Materials and rough budget
- M4 heat-set inserts (Amazon). Around $15. Look for a kit with multiple outer diameters.
- M4 screws and bolts kit. Any generic M4 kit works. Around $15.
- Nylon thread for the warp (Amazon). Around $10. Polyester sewing thread works as a placeholder if you already have some.
- Two rubber bands. Scavenged from the junk shelf.
Approximate total for a full build: around $70-90 in consumables, plus printer time and a soldering iron you can borrow.
What’s next
- User testing. Bring the built loom to a teaching-artist session and watch someone actually weave on it. This blocks most of the rest of the work.
- Saori SX60 fixes. 3D scan the pedals, winding mechanism, and folding hinges, then run a design session in person. Intertwine can loan us a Saori loom once the Weave In, Weave Out exhibit closes.
- More capable 3D-printed looms.
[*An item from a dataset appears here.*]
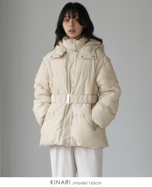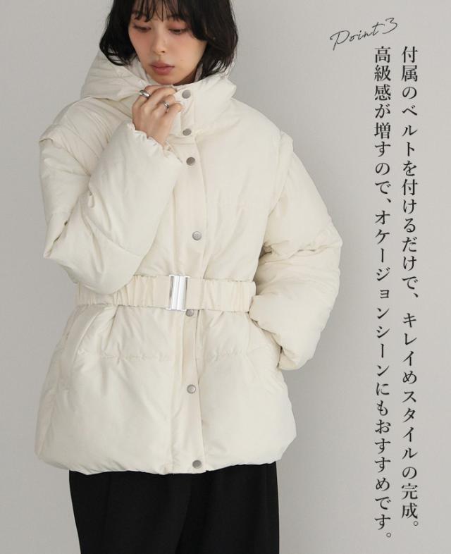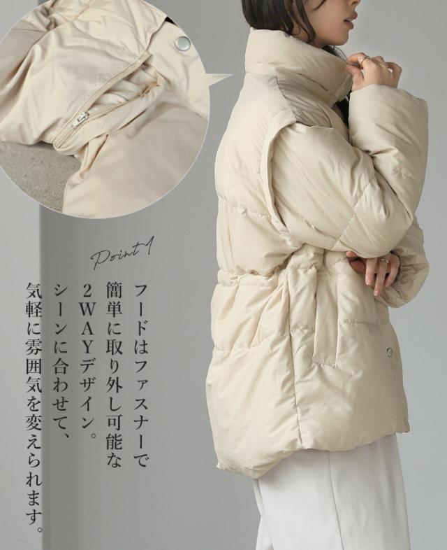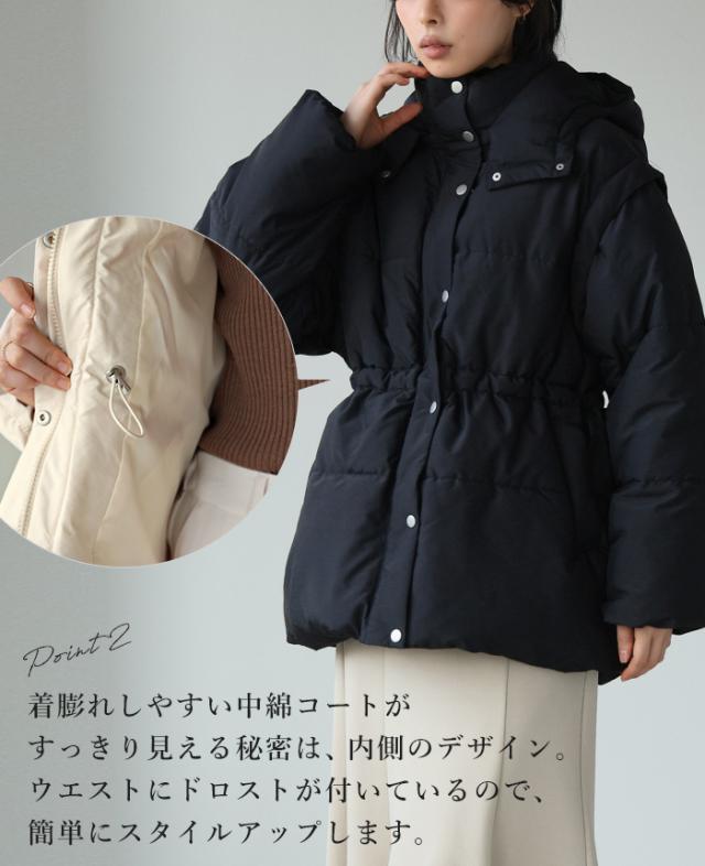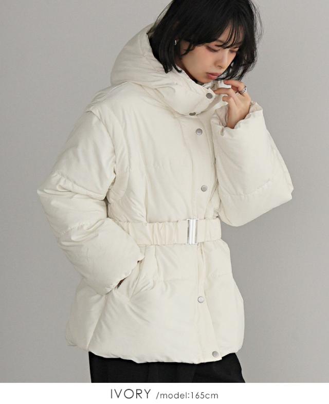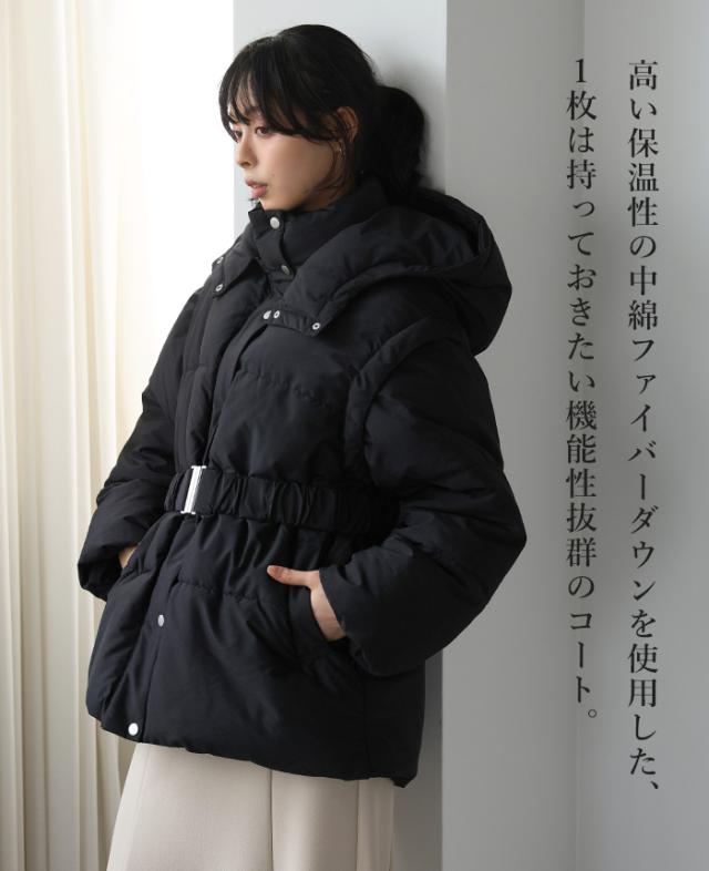 [新作限定P10%×送料無料]ファイバーダウン中綿コート ダウン キルト レディース アウター 長袖 ハイネック 防寒 あったか ベルト 2way フード付き 体型カバー 冬新作 【メール便不可】

Fraens Engineering’s 8-shaft table loom is a candidate for fabric that’s more than plain weave. There’s also a fully automatic 3D-printed needle loom driven by an Arduino that’s worth studying.
- Handle library. A small set of printable handles for different grips and ranges of motion, all attaching to the same base mount.
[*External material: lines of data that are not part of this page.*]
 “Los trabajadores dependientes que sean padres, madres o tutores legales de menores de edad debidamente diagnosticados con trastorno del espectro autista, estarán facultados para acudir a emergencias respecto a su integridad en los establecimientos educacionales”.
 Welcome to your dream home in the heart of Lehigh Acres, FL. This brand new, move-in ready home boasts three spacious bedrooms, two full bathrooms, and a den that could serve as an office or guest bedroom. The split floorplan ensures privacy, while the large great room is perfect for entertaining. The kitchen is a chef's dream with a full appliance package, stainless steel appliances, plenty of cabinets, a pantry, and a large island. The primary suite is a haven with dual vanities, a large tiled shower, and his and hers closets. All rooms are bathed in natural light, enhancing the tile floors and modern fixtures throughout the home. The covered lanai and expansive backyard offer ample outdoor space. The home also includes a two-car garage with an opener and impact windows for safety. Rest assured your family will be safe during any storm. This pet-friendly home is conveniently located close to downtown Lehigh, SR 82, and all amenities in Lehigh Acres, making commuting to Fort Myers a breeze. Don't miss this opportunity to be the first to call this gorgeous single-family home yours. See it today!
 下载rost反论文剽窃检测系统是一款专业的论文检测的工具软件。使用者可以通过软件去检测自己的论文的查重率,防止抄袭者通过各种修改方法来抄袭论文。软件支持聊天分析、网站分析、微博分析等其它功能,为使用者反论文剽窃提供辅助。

- Documentation. A proper build guide for the loom and the handles, so teaching artists can request new parts from any nearby maker space.
Full User Testing Feedback
Shuttle
Well done:
- ✓ Wider U shape / straighter edge
Actionable feedback:
- Widen U and straighten edges
- Changing shape of edge
- Can experiment
Gantry lever
Well done:
- ✓ It's in two colors. For low vision people, add texture.
Actionable feedback:
- ✗ Space them out to tell them apart
- Bigger levers/spacing
- Help differentiate
Gap in between roller and knit holder
Well done:
- ✓ Large, so it can fit a lot of fabric
- Keep space to roll up fabric
Thread Beater
Well done:
- ✓ Removable
- Keep movable part (doesn't need up/down motion)
Actionable feedback:
- ✗ Want for larger fabric
Base Toggle Lock
Actionable feedback:
- Needs to be extended to grab more easily
- Needs smaller elastic (Danaleah has plenty)
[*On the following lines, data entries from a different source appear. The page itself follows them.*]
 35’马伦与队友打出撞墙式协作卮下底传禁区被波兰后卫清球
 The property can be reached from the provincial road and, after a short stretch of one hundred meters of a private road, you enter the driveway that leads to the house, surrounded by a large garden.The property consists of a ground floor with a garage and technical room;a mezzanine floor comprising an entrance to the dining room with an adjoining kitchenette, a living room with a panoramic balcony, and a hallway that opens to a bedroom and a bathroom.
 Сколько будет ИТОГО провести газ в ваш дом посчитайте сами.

- Toggle bigger for bigger fingers
- For loosening
- Secure ✓, feels good
- Make longer toggle/handle
Gantry roller pin
Actionable feedback:
- Broke immediately
- Should be replaced with metal hardware
Toothed Gear Handle
Well done:
- Feels smoother than average
String
Actionable feedback:
- Noisy, might break, fishing wire would be better.
- Replace fishing string for nylon
- Sound-sensitivity, tension issues
- Bigger shed is better
- Bigger shed (wider) for ease-of-use
- When warp strings are switching
- (Gap in between; when warp strings are going up and down)
General Usage
Well done:
- Keep "click" sound - not too noisy
Actionable feedback:
- Screws get stuck often
- Chronic issue for all looms
- Floats (adds texture) but up to preference
- Bigger/wider knobs
- Oiling machine (difficult with 3D-prints)
- Wider loom (increase overall size to fix height)
- Overall should be more sturdy
- Expect users to be handsy
Portability / Form factor
Well done:
- ✓ Lightweight
- ✓ Good to operate while sitting.
Actionable feedback:
- ✗ Needs clamps.
- Clamps for weight
- Bigger table would need bigger clamps
Would like to include a video of spoken feedback, as the session was recorded.